SEDAN, France -- For Lance Armstrong, finishing 54th Monday made for a good day - perfect, actually - on the Tour de France.
It may seem strange that the four-time champion is, for the moment at least, happy to hang back as he chases a record-tying fifth victory.
Experience has taught Armstrong there's little point in exhausting himself up front - and risk being caught in crashes - when there's 18 days of racing and many hard, long miles left.
For now, Armstrong and his formidable U.S. Postal Service team are happy to let other rider take the early stages that finish with fierce and sometimes dangerous sprints.
The Postals are setting their sights on crucial team time-trials Wednesday and the Alps, where Armstrong aims to start powering away from his rivals up lung-burning climbs.
On Monday, Armstrong finished in a pack behind winner Baden Cooke of Australia in the second stage of the Tour.
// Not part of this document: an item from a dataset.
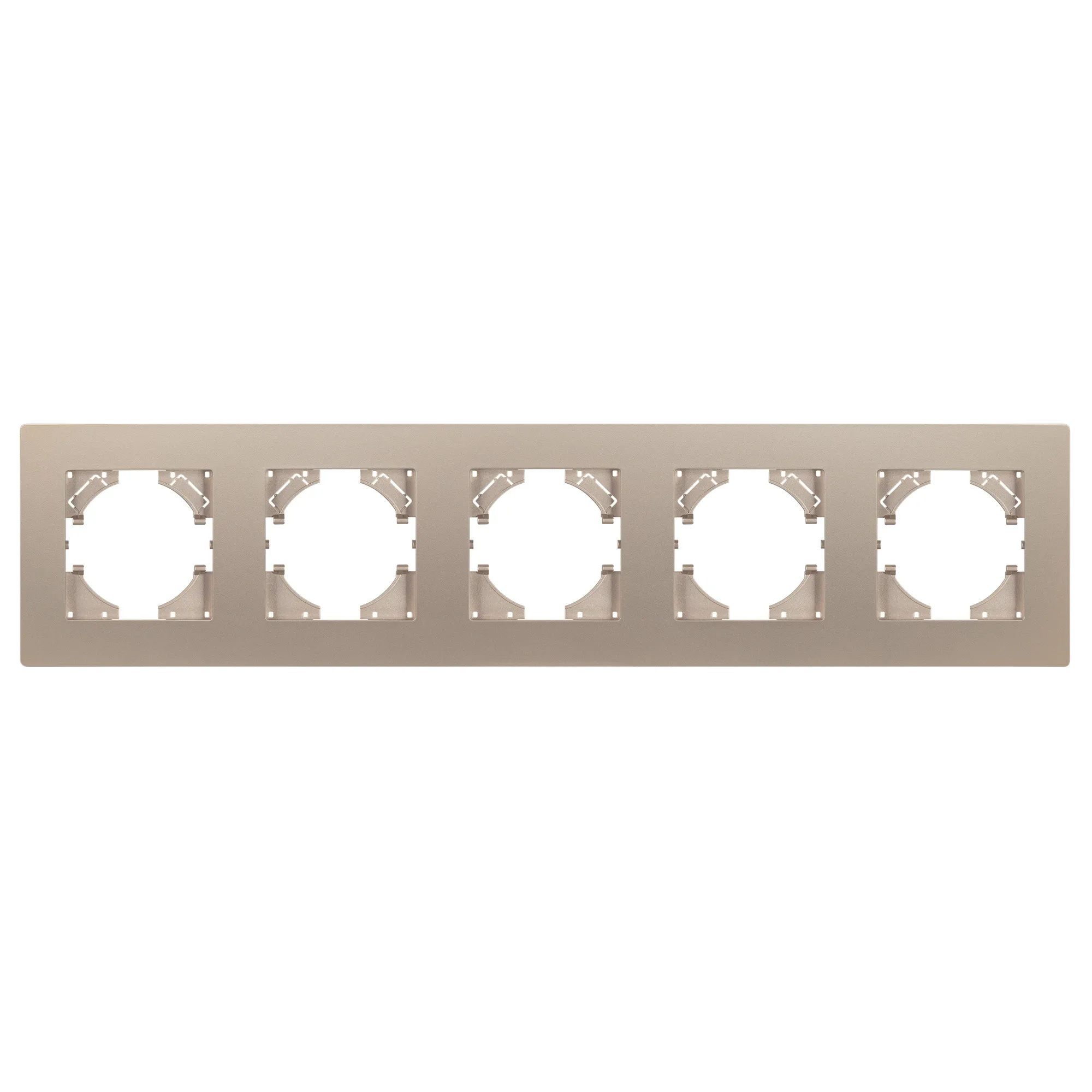 Рамка пластиковая на 5 постов, под встраиваемый механизм. Цвет - золотой. Уровень герметичности IP20. Ориентация монтажа - горизонтальная (основным ориентиром служат посадочные выступы для накладки механизма).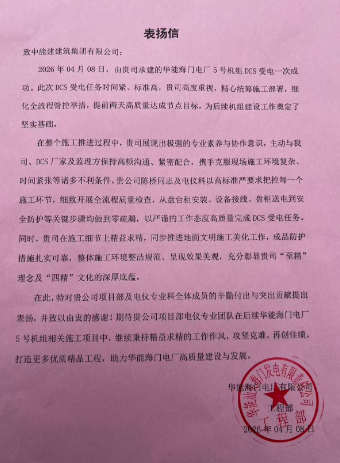 表扬信中提到,面对工期紧、标准高的挑战,项目部高度重视,坚持超前策划、精细管控,主动加强与业主、DCS厂家及监理方的协同联动,科学组织施工,严格把控盘台柜安装、设备接线、盘柜送电、安全防护等每一道工序。全体参建人员迎难而上,克服现场环境复杂、交叉作业多等不利因素,最终提前完成受电任务,为后续机组调试及投产筑牢了坚实基础。受电过程中,项目部始终以“零疏漏”标准开展全流程质量检查,同步推进地面文明施工和成品防护,现场整洁规范、美观有序,充分彰显了公司“四精”文化的深厚底蕴。业主称赞项目团队“精益求精”,并希望后续施工中继续打造精品工程。

He was in 10th place overall.
"A team like us just hopes for the mountains to come as fast as they can and get out unscathed," Dan Osipow, the Postal Service team's general manager, said as the riders set out on the relatively flat 126.8-mile second stage of the Tour to Sedan, a town near the border with Belgium.
Cooke, a sprinter who last year finished 127th overall, won the stage in a fierce dash at the finish, beating French rider Jean-Patrick Nazon and Estonian Jaan Kirsipuu by a whisker.
The risks of the Tour's early days, when riders still have fresh legs and newcomers are adjusting to racing in the large pack of nearly 200 cyclists, were highlighted in the first stage Sunday.
Spain's Jose Enrique Gutierrez lost control of his bike on the final turn, causing a dramatic pileup that took out about 35 riders - Armstrong among them. Armstrong wasn't badly injured but suggested Monday that the Tour think about leaving some - less experienced - cyclists behind.
"The biggest problem is 200 fresh guys," Armstrong said. "Given the intensity these days, 150 guys is a lot safer than 200."
"Some of the guys have never done the Tour, they want to take risks, sort of like cowboys," he said.
Overall, Armstrong is 10th, just 11 seconds off current race leader Bradley McGee, an Australian sprint specialist who won the Tour's first event Saturday, a race against the clock through the streets of Paris.
Jan Ullrich, the 1997 winner and a key rival of Armstrong's, is 5th overall, just five seconds ahead of the Texan.
Cooke had never won a stage on the Tour before Monday.
"It's incredible. I can't believe it," he said. "The final sprint was very, very dangerous ... Every day you take your chances. Usually it doesn't work, but today it worked."
Like McGee, Cooke races for French squad Fdjeux.com, which now has won two of the three Tour races run so far.
"There's an incredible spirit in the team," McGee said. "That's why we're working well together. On the Tour de France you need a good spirit because of all the stress."
McGee finished 52nd Monday, close enough to Cooke to retain the coveted yellow jersey worn by the overall Tour leader.
Armstrong's former teammate, U.S. rider Tyler Hamilton, completed the second stage with a fractured collarbone suffered in Sunday's crash.
"I was aching all day, there was this really sharp pain. But if it was more than I could take then I would not have continued," Hamilton said after finishing 100th out of the 196 riders. He was eighth overall.
Two other injured riders, Marc Lotz of the Netherlands and U.S. cyclist Levi Leipheimer, were unable to race.
Injured Frenchman Jimmy Casper rode with a neck brace. Casper, also of Fdjeux.com, finished 189th, 10 minutes behind Cooke.
The stage started at La Ferte-sous-Jouarre, east of Paris. Cooke finished the route in 5 hours, 6 minutes and 33 seconds, averaging 25 miles per hour.
For a long while, French rider Frederic Finot looked set to take the stage, breaking away with another rider just three miles after the start. They built up a lead of more than 11 minutes at one point over the chasing pack. But the other rider, Lilian Jegou, finally dropped back, leaving Finot alone. He was caught by the pack just 1 1/2 miles before the finish.